On the other side, I am happy that with my resignation I was able to realize how blessed I am to have worked in NSP. I am happy that my officemates have supported my decision to take a new leap in my career. I am happy that all these people I've met in NSP came into my life. I have learned a lot from their own experiences, and from their own views of life.
I am resigning for the following reasons: I have felt no more growth in my stay with NSP. I have felt boredom in my work. I have felt it's time for me to move out of home and try living on my own.
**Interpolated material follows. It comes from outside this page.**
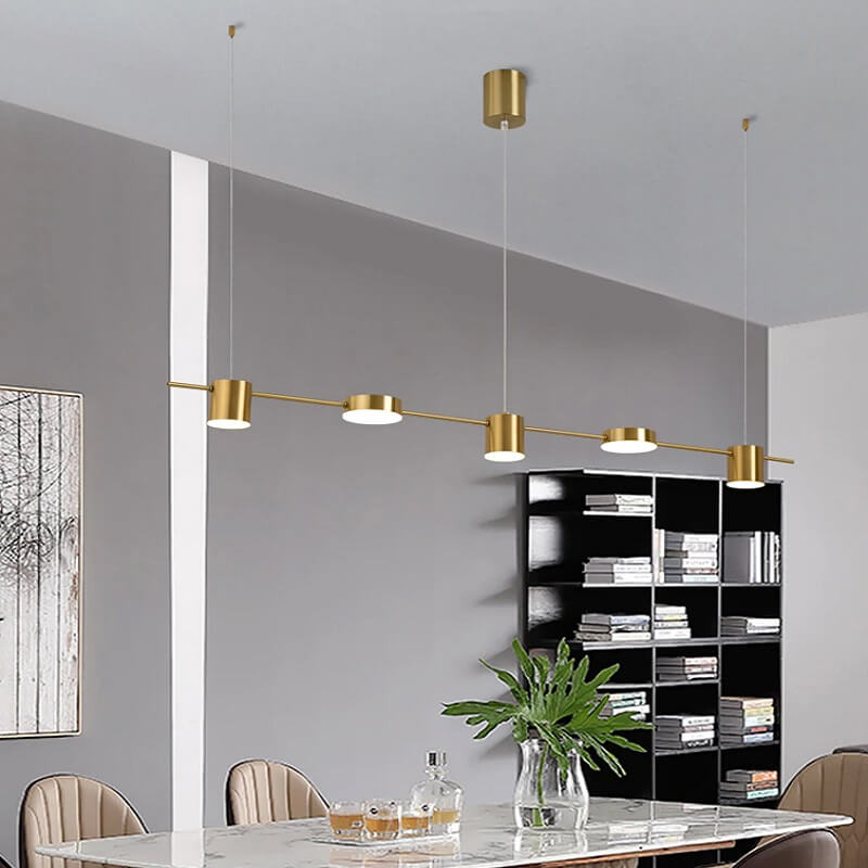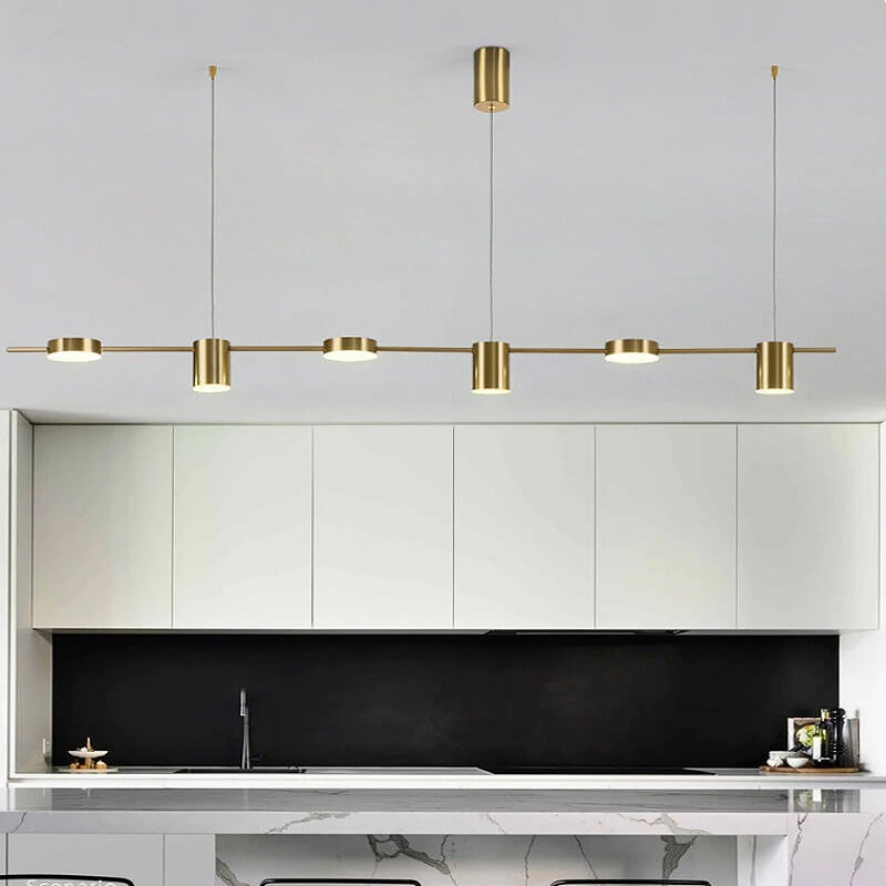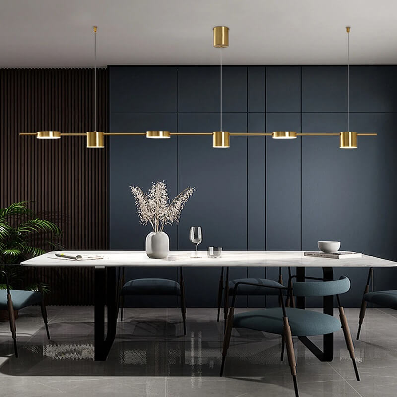 Nowoczesna minimalistyczna i stylowa podłużna lampa wisząca Remdal LED idealna do salonu, jadalni, kuchni.

I have felt the need to learn to stand on my own two feet.
The last part is giving me nervous apprehensions. The latest news on the bombing in Glorietta 2 in Makati is making me feel uncomfortable. I will soon be working and living in Makati. Without a family to make me feel secure, I am a bit worried. And I pray, pray very hard God will keep me safe. He will protect me from all the dangers. I know my family and friends will be praying for me, too. This then keeps me feel secured.

Farewell my friends in NSP. Thank you for the stuff toy. I'll bring that with me in Manila. :) Thank you for the fun time in K1. Thanks to Okano-san for paying the bill. hehehe...

Good luck to all of us!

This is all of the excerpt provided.